May I Gush a Little Bit?

image from icanread

I got home today with a feeling of just sheer contentment.  Sometimes I feel like the luckiest woman in the world and not just because of what I get to come home to, but what I get to leave my home for every day.  When I saw my class list and then saw it grow, when I kept thinking through all of the things I wanted to do with these 27 students, when I thought about all the things I hoped they would accomplish, I just didn’t know if we could do it all.

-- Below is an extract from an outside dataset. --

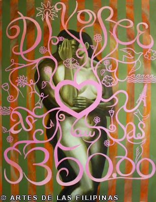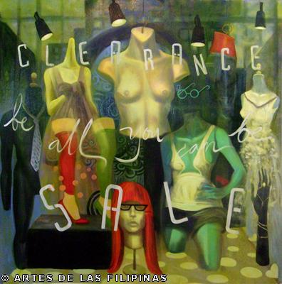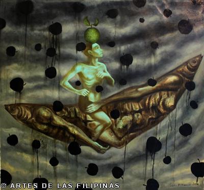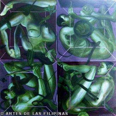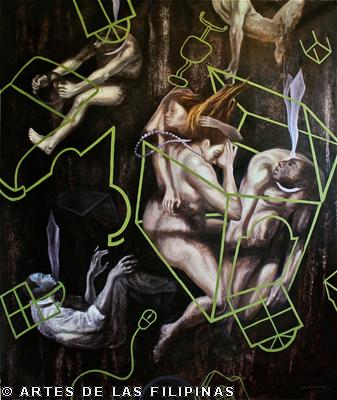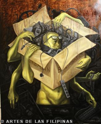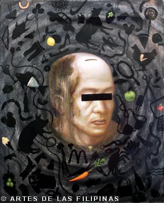 In the mid-1980s and as a result of Roberto Chabet’s effective method in cultivating his student’s own language, I was already exploring my personal symbology that is characterized by quasi-surreal imagery. Then later at the end of the decade until the early 1990s, this imagery blended into Social Realist themes. From 1992- 2002, I was doing paintings based directly on observed and/or experienced situations. These works were done in monochromes and were rendered in heavy chiaroscuro and impasto-like application. There was a lot of intensity in these works and I am mostly known for these. In 2004, I have been exhibiting paintings similar to what I have already explored in the 1980s. These works were characterized by the use of color and symbolism but were all inspired by my reflections on society, the workings of ideology and lament on individual struggles. Now, I explore juxtaposing images and superimposing graphic elements on top of my traditional figuration.

As anyone who has taught bigger rooms with big personalities can attest to, it is a completely different challenge.  Not only are you pushing the kids to try and to sometimes work through failure, but you are also dealing with sheer numbers.  And with high numbers can come such a broad gamut of needs and wants that it sometimes just overwhelms you.  Kids that range from needing a person to support them through most things to kids that are so ready to set off and soar, all they need is a push.    You have students who want to try and students who are afraid to try.  You have students that already find school pretty boring and students that still love learning.  With 27 students it seems like you have them all, the whole gamut of personalities.  and so I just didn’t know how we would work together and strive together.

But these kids.  With their crazy ideas, their enthusiasm for my ideas, and their support of each other as they each try every day, is blowing me away.  These kids with their stories, their dreams, and their hang ups, who share them with me every day, trusting me to get to know them, trusting me to push them in the right direction, these kids are proving me wrong.

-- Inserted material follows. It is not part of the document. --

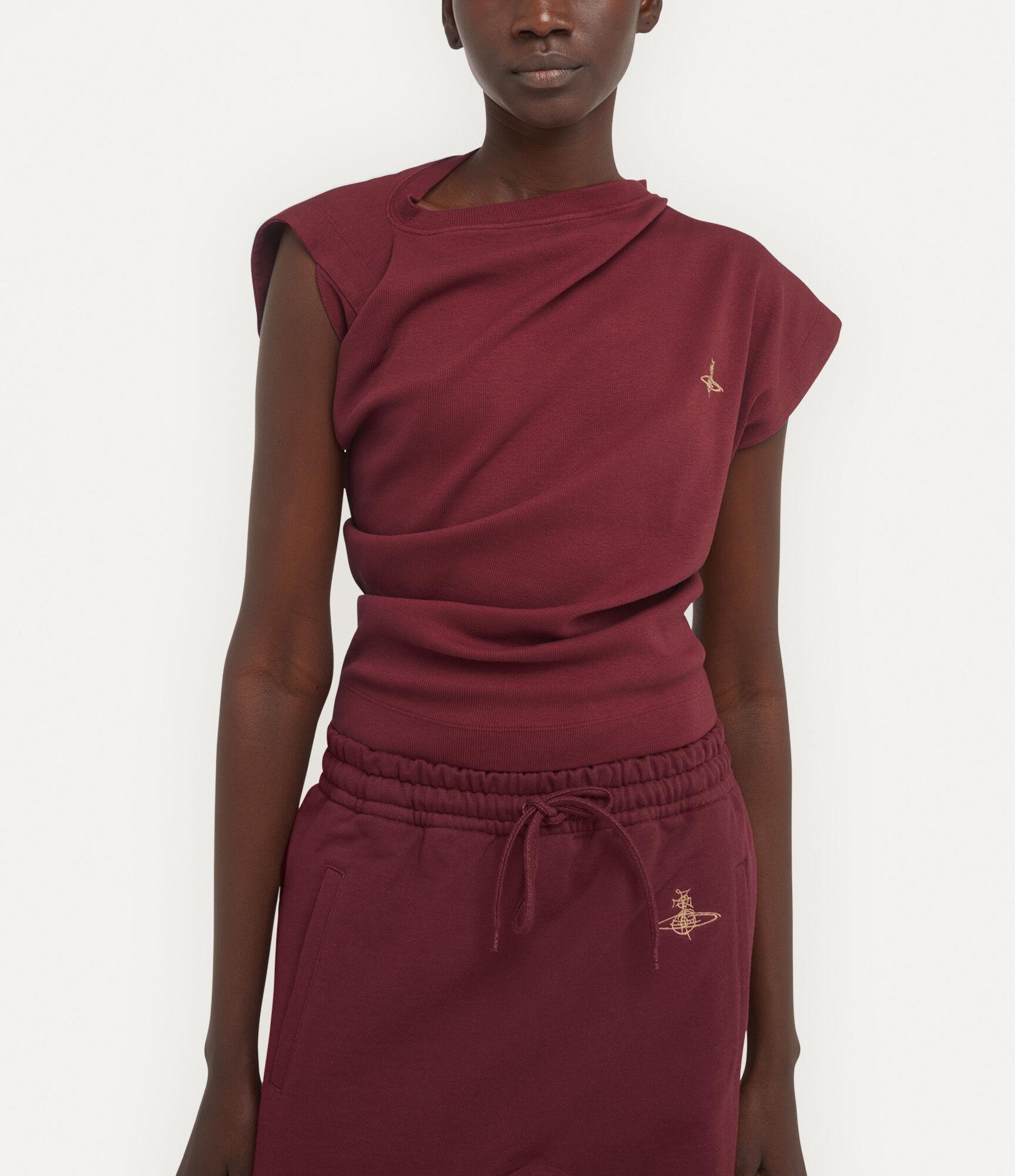 This season, the house’s signature Hebo top is updated in a soft ribbed cotton finish and detailed with the signature Graffiti orb motif on the left chest - echoing Vivienne’s vision of launching tradition into the future. The silhouette features the signature slash-inspired neckline, fluid draping, and a twisted fabric detail at the back of the design.

I should not have doubted for one single moment that we could do all of our 5th grade challenges.  I should not have doubted for a single moment that even though there were so many of us, we would still build a community.  These kids with their loud voices, their big personalities, and their eagerness to just prove me wrong every single day, those kids are making this year one of those years I can’t wait to tell others about.

 

I am a passionate (female) 5th grade teacher in Wisconsin, USA, proud techy geek, and mass consumer of incredible books. Creator of the Global Read Aloud Project, Co-founder of EdCamp MadWI, and believer in all children. I have no awards or accolades except for the lightbulbs that go off in my students’ heads every day.  First book “Passionate Learners – Giving Our Classroom Back to Our Students Starting Today” will be released this fall from PLPress.   Follow me on Twitter @PernilleRipp.

6 thoughts on “May I Gush a Little Bit?

  1. Okay totally teary after reading this. I can so relate. I have 23 students in grade 3 with a diverse range of needs. It’s a tough group but I love them and only a month in they are with me and i just know this year is destined for great things!

  2. One of those ‘reasons why you teach’ days…interestingly 27 is not considered that big a class here in Sydney especially in upper primary. But yes as in life full of wonderful diversity!